◆ Prompt
Return the data below unchanged, without images.
╭─ Dataset content
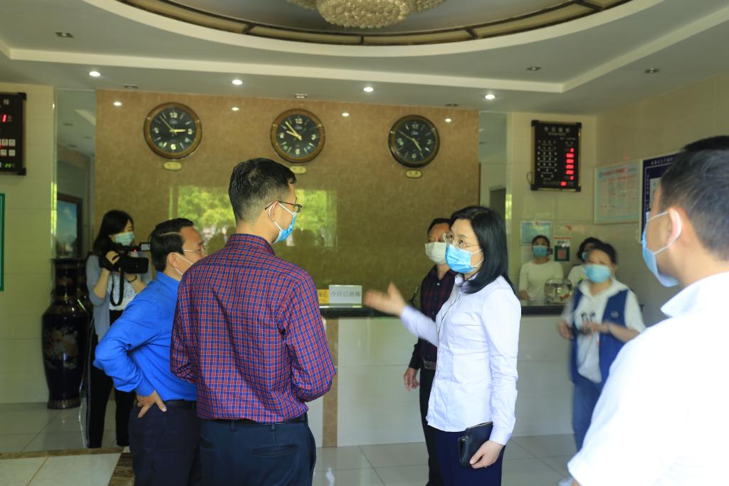 庄天慧还查看了学生食堂、教室、学生宿舍、图书馆和防疫物资准备情况。
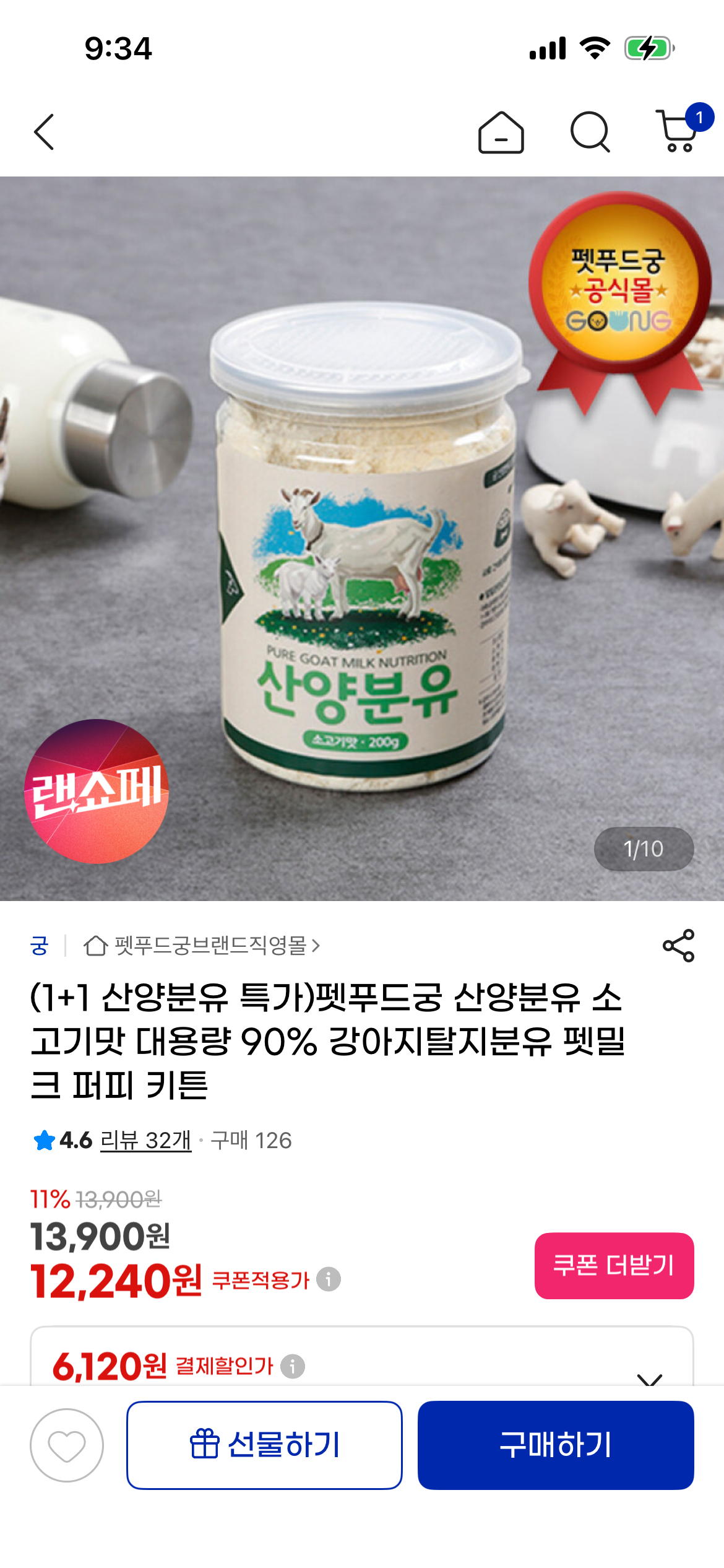 [지마켓] 펫푸드궁 산양분유 소고기맛, 가쓰오부시맛 대용량 1+1 (12,240원/무배) > 국내핫딜
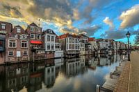 Oude panden aan de Linge in Gorinchem tijdens de zonsondergang
╰─
◆ Answer box
 庄天慧还查看了学生食堂、教室、学生宿舍、图书馆和防疫物资准备情况。
 [지마켓] 펫푸드궁 산양분유 소고기맛, 가쓰오부시맛 대용량 1+1 (12,240원/무배) > 국내핫딜
 Oude panden aan de Linge in Gorinchem tijdens de zonsondergang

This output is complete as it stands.